Saved data entries:
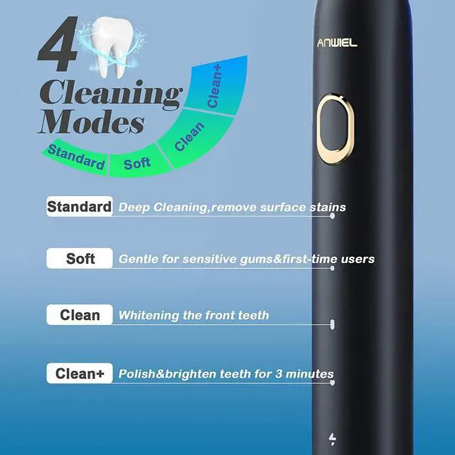 MINS TIMER: 4 brushing modes-STANDARD, SOFT, CLEAN and CLEAN+. You can choose the most comfortable mode according to your teeth condition. Travel toothbrush built in a 2 or 3 minute smart timer with 30-second interval time reminds you of replacing brushing area for an effective clean, it can encourages you to achieve the dentist-recommended brushing habit
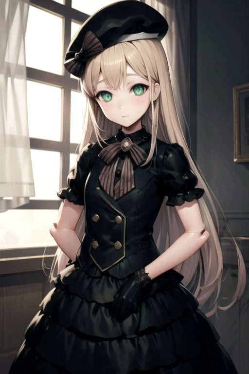 MaryKujou, 1girl, solo, very long hair, skirt, blonde hair, brown hair, black gloves, black dress, bow, green eyes, frills, buttons, beret, lace, doll joints
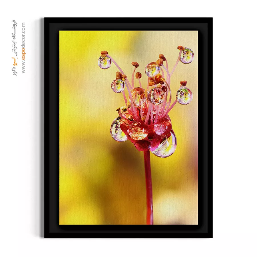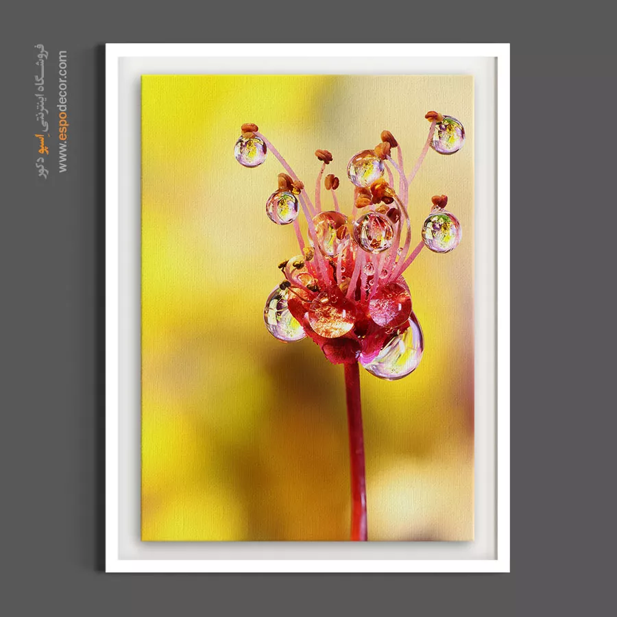 این اثر، نمایشی جادویی از قلب طبیعت است که در آن، قطرات درخشان شبنم مانند عدسیهای کریستالی بر روی پرچمهای ظریف گل نشسته و بازتابی میکروسکوپی از جهان پیرامون را خلق کردهاند. تضاد رنگی میان قرمز یاقوتی ساقه با پسزمینه بوکه طلایی، اتمسفری سرشار از گرما و انرژی بصری را به فضا تزریق میکند. نظم هندسی قطرات کروی در تقابل با خطوط ارگانیک گیاه، نگاهی معمارانه و دقیق را به نمایش میگذارد که به دلیل درخشش بالا، نقطهای کانونی و لوکس در دکوراسیونهای مدرن ایجاد میکند.
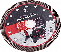 Алмазный диск Diam Extra Line Turbo Super Thin 125 мм (Диам Экстра Лайн Турбо Супер Тин 125 мм) – специальный алмазный круг для сухой и мокрой резки керамики (керамической глазурованной плитки), керамогранита, мрамора, кварца, на ручном электроинструменте и системах раскроя крупного формата.
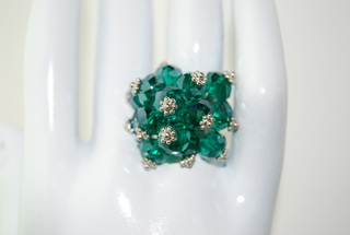 Ladies Designer Silver with Emerald Green Crystal Bangle Ring. Adjustable.

■ **TO DO**
Starting at the line that contains "MaryKujou, 1girl, solo, very", reproduce each line exactly through the end of the entries above, leaving every picture out.

■ **TASK RESULT**
 MaryKujou, 1girl, solo, very long hair, skirt, blonde hair, brown hair, black gloves, black dress, bow, green eyes, frills, buttons, beret, lace, doll joints
 این اثر، نمایشی جادویی از قلب طبیعت است که در آن، قطرات درخشان شبنم مانند عدسیهای کریستالی بر روی پرچمهای ظریف گل نشسته و بازتابی میکروسکوپی از جهان پیرامون را خلق کردهاند. تضاد رنگی میان قرمز یاقوتی ساقه با پسزمینه بوکه طلایی، اتمسفری سرشار از گرما و انرژی بصری را به فضا تزریق میکند. نظم هندسی قطرات کروی در تقابل با خطوط ارگانیک گیاه، نگاهی معمارانه و دقیق را به نمایش میگذارد که به دلیل درخشش بالا، نقطهای کانونی و لوکس در دکوراسیونهای مدرن ایجاد میکند.
 Алмазный диск Diam Extra Line Turbo Super Thin 125 мм (Диам Экстра Лайн Турбо Супер Тин 125 мм) – специальный алмазный круг для сухой и мокрой резки керамики (керамической глазурованной плитки), керамогранита, мрамора, кварца, на ручном электроинструменте и системах раскроя крупного формата.
 Ladies Designer Silver with Emerald Green Crystal Bangle Ring. Adjustable.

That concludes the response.